- **Task statement**: All lines below between the line with "Ladies' Longsleeved Poplin" and the line with "Zdobené čižmy s", including both, must be copied exactly, and the pictures must be omitted.

==== Stored data

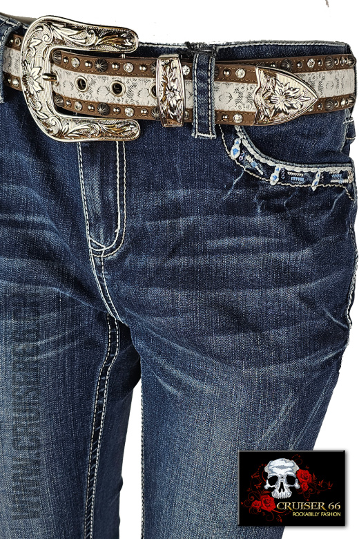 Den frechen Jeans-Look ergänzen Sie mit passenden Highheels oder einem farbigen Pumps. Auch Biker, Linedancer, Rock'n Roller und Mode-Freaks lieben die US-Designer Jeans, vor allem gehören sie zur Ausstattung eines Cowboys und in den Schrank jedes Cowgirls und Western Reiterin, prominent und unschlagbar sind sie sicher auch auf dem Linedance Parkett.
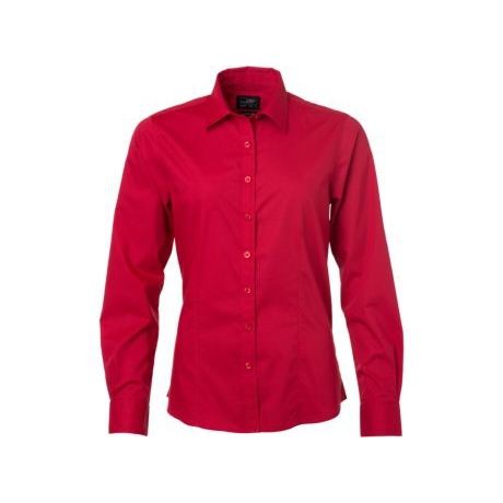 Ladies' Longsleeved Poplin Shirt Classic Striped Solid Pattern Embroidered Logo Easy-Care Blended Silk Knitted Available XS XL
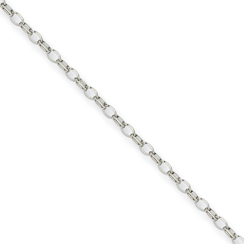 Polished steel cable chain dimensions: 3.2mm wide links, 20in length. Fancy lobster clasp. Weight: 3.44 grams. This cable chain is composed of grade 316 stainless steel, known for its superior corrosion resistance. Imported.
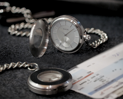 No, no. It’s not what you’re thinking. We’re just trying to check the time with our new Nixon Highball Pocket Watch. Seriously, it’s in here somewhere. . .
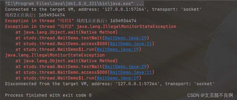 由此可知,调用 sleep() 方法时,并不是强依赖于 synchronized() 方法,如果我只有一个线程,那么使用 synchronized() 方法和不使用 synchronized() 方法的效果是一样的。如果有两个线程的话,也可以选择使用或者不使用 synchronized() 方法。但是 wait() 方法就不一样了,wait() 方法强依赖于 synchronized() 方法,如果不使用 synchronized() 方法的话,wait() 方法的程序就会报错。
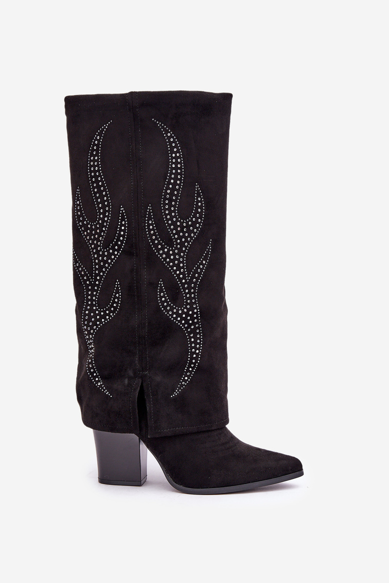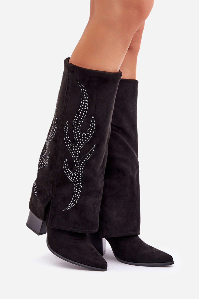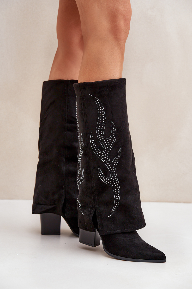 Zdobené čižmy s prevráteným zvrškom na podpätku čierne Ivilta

========
==== Stored data

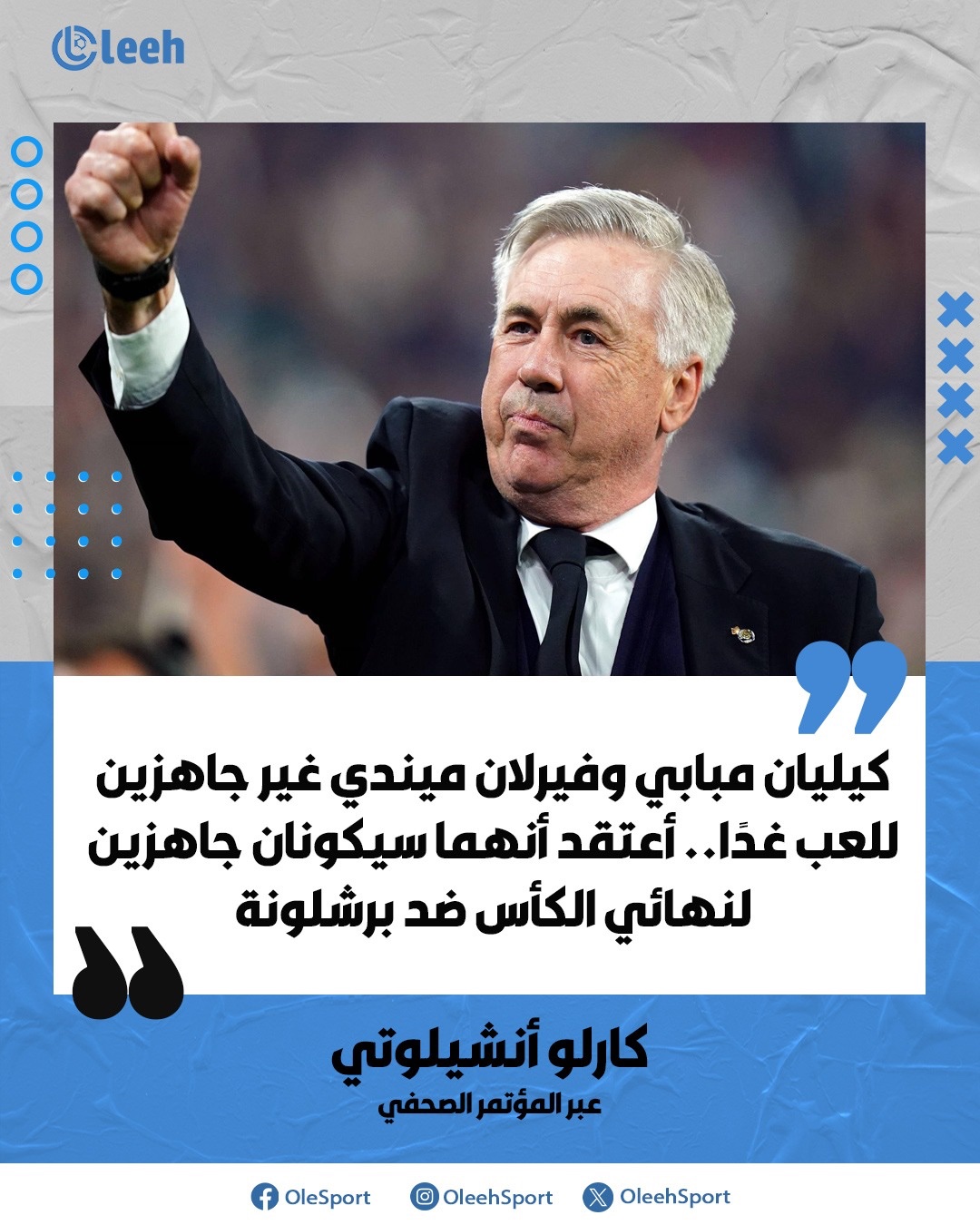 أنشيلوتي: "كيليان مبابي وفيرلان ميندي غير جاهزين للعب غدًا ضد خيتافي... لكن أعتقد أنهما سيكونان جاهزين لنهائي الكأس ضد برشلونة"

========

- **Written solution**:
 Ladies' Longsleeved Poplin Shirt Classic Striped Solid Pattern Embroidered Logo Easy-Care Blended Silk Knitted Available XS XL
 Polished steel cable chain dimensions: 3.2mm wide links, 20in length. Fancy lobster clasp. Weight: 3.44 grams. This cable chain is composed of grade 316 stainless steel, known for its superior corrosion resistance. Imported.
 No, no. It’s not what you’re thinking. We’re just trying to check the time with our new Nixon Highball Pocket Watch. Seriously, it’s in here somewhere. . .
 由此可知,调用 sleep() 方法时,并不是强依赖于 synchronized() 方法,如果我只有一个线程,那么使用 synchronized() 方法和不使用 synchronized() 方法的效果是一样的。如果有两个线程的话,也可以选择使用或者不使用 synchronized() 方法。但是 wait() 方法就不一样了,wait() 方法强依赖于 synchronized() 方法,如果不使用 synchronized() 方法的话,wait() 方法的程序就会报错。
 Zdobené čižmy s prevráteným zvrškom na podpätku čierne Ivilta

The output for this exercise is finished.